A broken heart is not like shattered glass. Larger shards, small pieces, and bits ground to dust. The visible pieces can be trampled on or smashed again and broken further, but still when everything is dust, a heart can still be broken again. A human being’s capacity for empathy and love is so extensive, that it can be shredded over and over again and even with massive loss can still be so full, the pain spills over. This is part of the glory and horror of our shared humanity, and today we need to feel devastation.
Last night Dr. A came home late from his show while I was hurrying to finish my evening of paper crafting, inky fingers and scraps of paper everywhere, an episode of Star Trek TOS playing in the background. When he asked me if I’d seen the news, my breath caught. I had spent the night actively avoiding the outside world—what now?
After reading a few articles on the most recent tragedy, I was filled with an acute feeling that I needed to remember how I felt in that moment, in these moments. This feeling that the country, and possibly the world, are crumbling around me. A sense of utter horror, sadness, and helplessness. A feeling that this is a pivotal moment that has been building for a long time, but it is only now that I so sharply feel this sense of ruination. It’s hard not to wonder if this is to be the end of some kind. Are we headed for total anarchy or for a tyranny? My thoughts coalesce on everything that’s been causing this feeling to well within me: the fear mongering hate and extremism of this election cycle, mass shootings, cops killing black people, people killing cops, and so the list goes on.

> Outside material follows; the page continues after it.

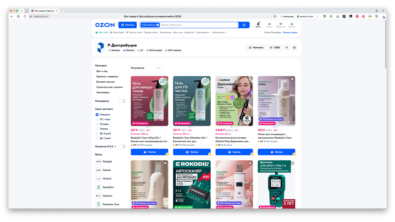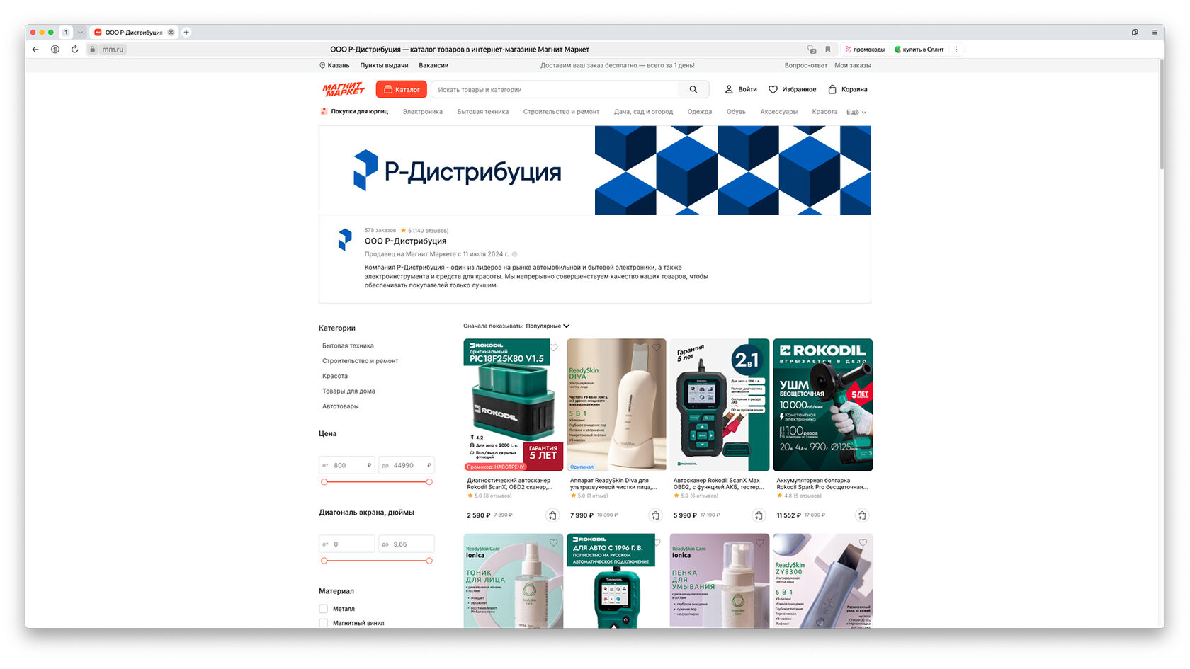 Р-Дистрибуция продаёт брендовый товар через маркетплейсы. Потребитель не отличал официального продавца от серого: доверие к листингу не формировалось. Требовался знак, который идентифицирует, а не иллюстрирует — без буквальных образов товара или сервиса.
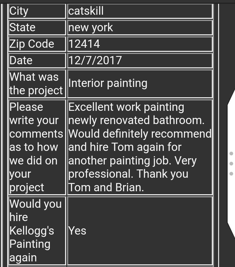 "Kellogg's painting did a very nice job painting our home. They were punctual and very professional." Paul G. Catskill, NY

The feeling I so desperately want to remember is this apocalyptic sense, this fear of the end of normalcy, this fear that at any time everything could crash and burn. To be sure, I feel a bit better now that it’s not 2 am, and I had some at least partial sleep. But, that feeling is so important because I, we, no one should have to feel that way.
A few weeks ago, I was in a busy mall food court with a friend, and we saw a man with a briefcase. He was opening it and closing it, looking around. We both immediately started to wonder if he had a gun in that case. Rationally, it didn’t make much sense, but all I could do was look for exits and determine which way I would run. We visually followed him as he left his table and started walking. A few minutes later he met up with a woman who clearly was his significant other, and they immediately started holding hands. My mind quickly constructed another narrative; maybe he had an engagement ring in his briefcase.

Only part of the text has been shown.